Revista panelists delve into the state of debt and capital markets
By John B. Mugford

The Revista debt panel included (from left to right): moderator John Nero of Newmark Group, Steve Reedy of First Citizens Bank, Winston Abbott of Siemens Financial Services, Zack Holderman of CBRE Group Inc. and Erik Tellefson of Capital One. (HREI photo)
PALM BEACH GARDENS, Fla. – After seeing some stabilization in the healthcare real estate (HRE) lending arena in 2024 – after a rocky, difficult 2023 – what does the remainder of 2025 hold?
At a recent HRE conference, a group of panelists – including three lenders in the space and one professional who helps borrowers find debt solutions – agreed that the year ahead won’t necessarily be marked by great growth. However, they predicted that there will be a stable and robust environment for accessing capital for acquisitions and development projects.
“In terms of liquidity in the market, one observation that I would’ve had had sitting up here at this time last year was that anywhere from a third to maybe half of the quote-unquote active lender community was still somewhat sidelined – somewhere between cautious and sidelined entirely,” said John Nero, senior managing director of the Healthcare Capital Markets team with Newmark Group Inc. (Nasdaq: NMRK).
“But, this year, I’ve definitely noted an improvement and an increase in liquidity.”
Mr. Nero moderated a panel session focused on capital markets and lending in the HRE sector during the 2025 Revista Medical Real Estate Investment Forum at the PGA National Resort in Palm Beach Gardens in early February.
The session was titled “Healthcare Real Estate Capital Markets: Debt Investment Strategies and Sustainability in 2025.”
When Mr.

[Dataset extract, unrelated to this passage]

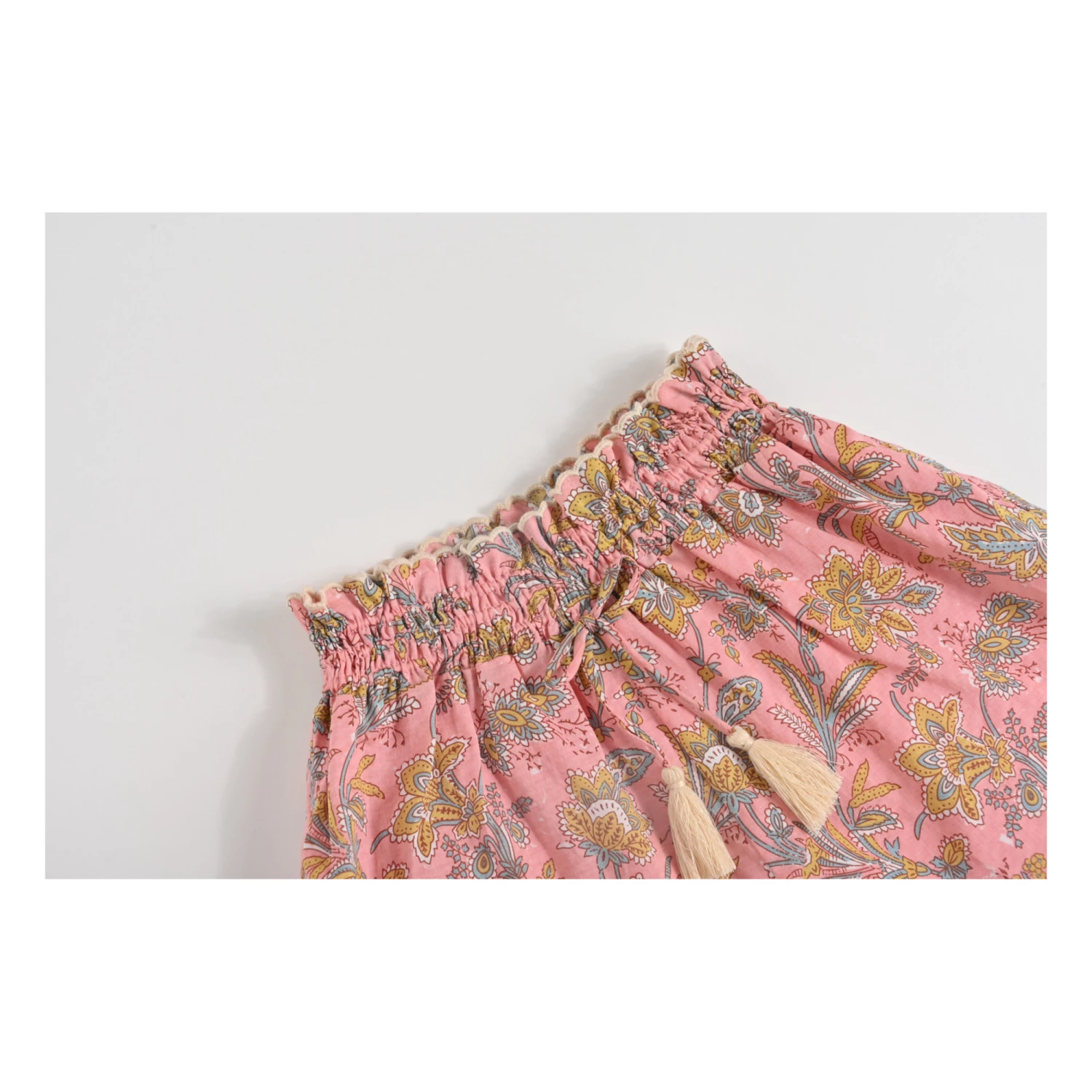 - Contrast stitching, Top stitched, Flowy, Drawstring(s), Scalloped edges, Pompom(s), Elasticated waist, Adjustable waist, Gathered at the waist, Embroidery

Nero asked the panelists what they foresee for 2025, Steve Reedy, head of medical office banking with the Healthcare Finance team at First Citizens Bank (Nasdaq: FCNCA), said that the firm is “projecting that we’re going to have a stable year, and you’re right, there are more banks entering the marketplace.
“Competition is increasing from the lending side, which is healthy for the market.”

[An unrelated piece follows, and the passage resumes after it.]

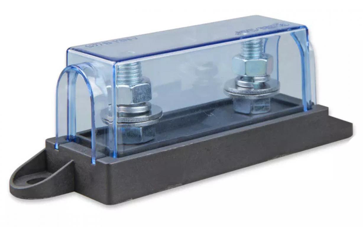 Oprawa bezpiecznika MEGA - fuse V.E. przeznaczona jest do zabezpieczenia przed zwarciami żelowych w fotowoltaicznych systemach zasilania. W oprawie możliwe jest obsadzenie bezpiecznika o mocy od 60A do 500A. Bezpiecznik należy montować jak najbliżej akumulatora na przewodzie dodatnim. Bezpieczniki MEGA - fuse V.E. to pewność i bezpieczeństwo. Należy pamiętać, że zwarcie akumulatora o dużej pojemności może doprowadzić nawet do wybuchu. Bezpieczniki MEGA - fuse V.E. chronią nas zarówno przez niebezpieczeństwem, jak i przed ryzykiem zniszczenia akumulatora.

Even with more liquidity available, Mr. Reedy added that he believes the market won’t necessarily see a “large spike in the number or size of transactions in 2025. We might see some larger portfolios close this year, as there is a lot of chatter about that, but whether or not those materialize is yet to be seen. But, you know, I would have to say that I believe there will be larger transactions in 2025 than in recent years.”
The panel also included:
■ Winston Abbott, VP of national sales with Germany-based Siemens Financial Services, whose U.S. headquarters is in Iselin, N.J.;
■ Zack Holderman, senior VP with the Capital Markets group at CBRE Group Inc. (NYSE: CBRE); and
■ Erik Tellefson, senior managing director and head of Healthcare Real Estate Lending at Capital One Financial Corp. (NYSE: COF).